Winnipeg teachers learn how to weave colourful fabric into stories
Story vines, a tool in oral storyelling traditions, help teachers bring Indigenous culture into classrooms
It's a length of rope that tells a story.
Story vines are colourful pieces of art, intended to help tell a story without written words — and this week, a group of Winnipeg teachers learned how to use them to bring Indigenous culture into their classrooms.
"They actually come from Africa, where they've used vines to create stories," said Renee McGurry. She led the recent workshop for about 15 Winnipeg teachers, who got crafty at the community arts space ArtsJunktion and learned how to create story vines.
McGurry, who now works with the Treaty Commission of Manitoba, began utilizing story vines in classrooms about 10 years ago. She retired a few years ago from the St. James-Assiniboia School Division, where she was the Indigenous education co-ordinator.
While they don't actually have their roots in Indigenous history, McGurry says they fit in well with oral traditions.

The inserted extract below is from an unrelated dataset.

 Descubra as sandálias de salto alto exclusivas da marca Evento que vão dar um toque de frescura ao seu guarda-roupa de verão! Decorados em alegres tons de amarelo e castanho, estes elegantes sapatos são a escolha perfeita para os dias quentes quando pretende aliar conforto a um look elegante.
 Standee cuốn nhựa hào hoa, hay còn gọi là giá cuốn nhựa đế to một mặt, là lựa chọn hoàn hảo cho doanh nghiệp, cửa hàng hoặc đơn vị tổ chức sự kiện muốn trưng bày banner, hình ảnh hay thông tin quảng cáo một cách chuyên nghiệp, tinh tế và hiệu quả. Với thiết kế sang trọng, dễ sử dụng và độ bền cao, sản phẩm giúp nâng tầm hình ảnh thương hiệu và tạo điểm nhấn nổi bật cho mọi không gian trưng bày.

"That's how information and knowledge and teachings were passed down … orally. So I thought this was a perfect way of sharing stories like that — the great flood or the creation stories — using the vines as a way of doing that."

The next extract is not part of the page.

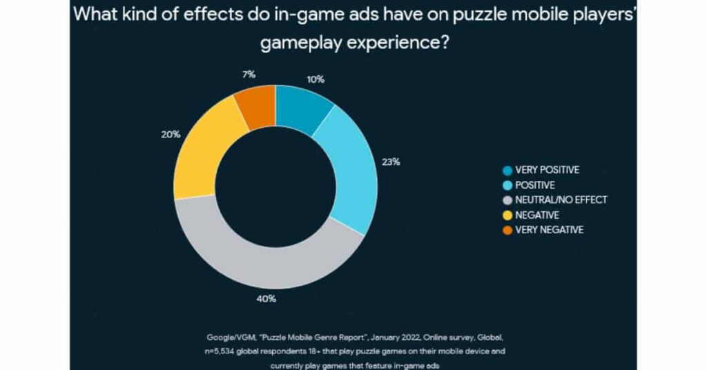 This is especially true for players who understand developers need to make money and are willing to deal with ads instead of spending their own money. However, 27% of players feel more negative about a game when there are ads involved.

For the workshop, which came out of a grant from Manitoba Education, attendees were given the Cree flood and creation story.
They used all kinds of art supplies — wool, paint, drawings, beads and pompoms, for example — to create their story points and build vines between a metre and two metres long.
Then, pieces were attached along the vine to serve as cues referring to the major elements in the story, allowing the storyteller to relate the story orally from memory, finding the major story points as they run their hands down the length of the vine.
Vivian Fogarty, one of the workshop attendees, created her vine from red, gold and brown pieces of fabric that she braided together to retell the creation story.
"I am going to put the turtle to represent Turtle Island — another name for North America — and then use the other animals, the otter and the muskrat, to try and show how they are going to go down deep and in the water to try and get the earth," Fogarty said.
Anne Mott made a vine to tell the same story, putting googly eyes on the brown furry animals she made.
Mott said she wanted to learn "how to incorporate some more Indigenous perspective into art teaching, and even across curricular activity that can be used with a lot of teachers and different grades across different subject areas."
Any kind of story can be told with a vine, McGurry says.
She has her own personal story vine for her life — one that tells the story of where she was born, her school years and her children. She keeps adding to the vine as her life progresses.
"Doing workshops like this is always nice," she said. "It's sharing my knowledge, my experience, and seeing how excited they are over the fact that they can do a project like this, and it's very easy to incorporate into your classroom."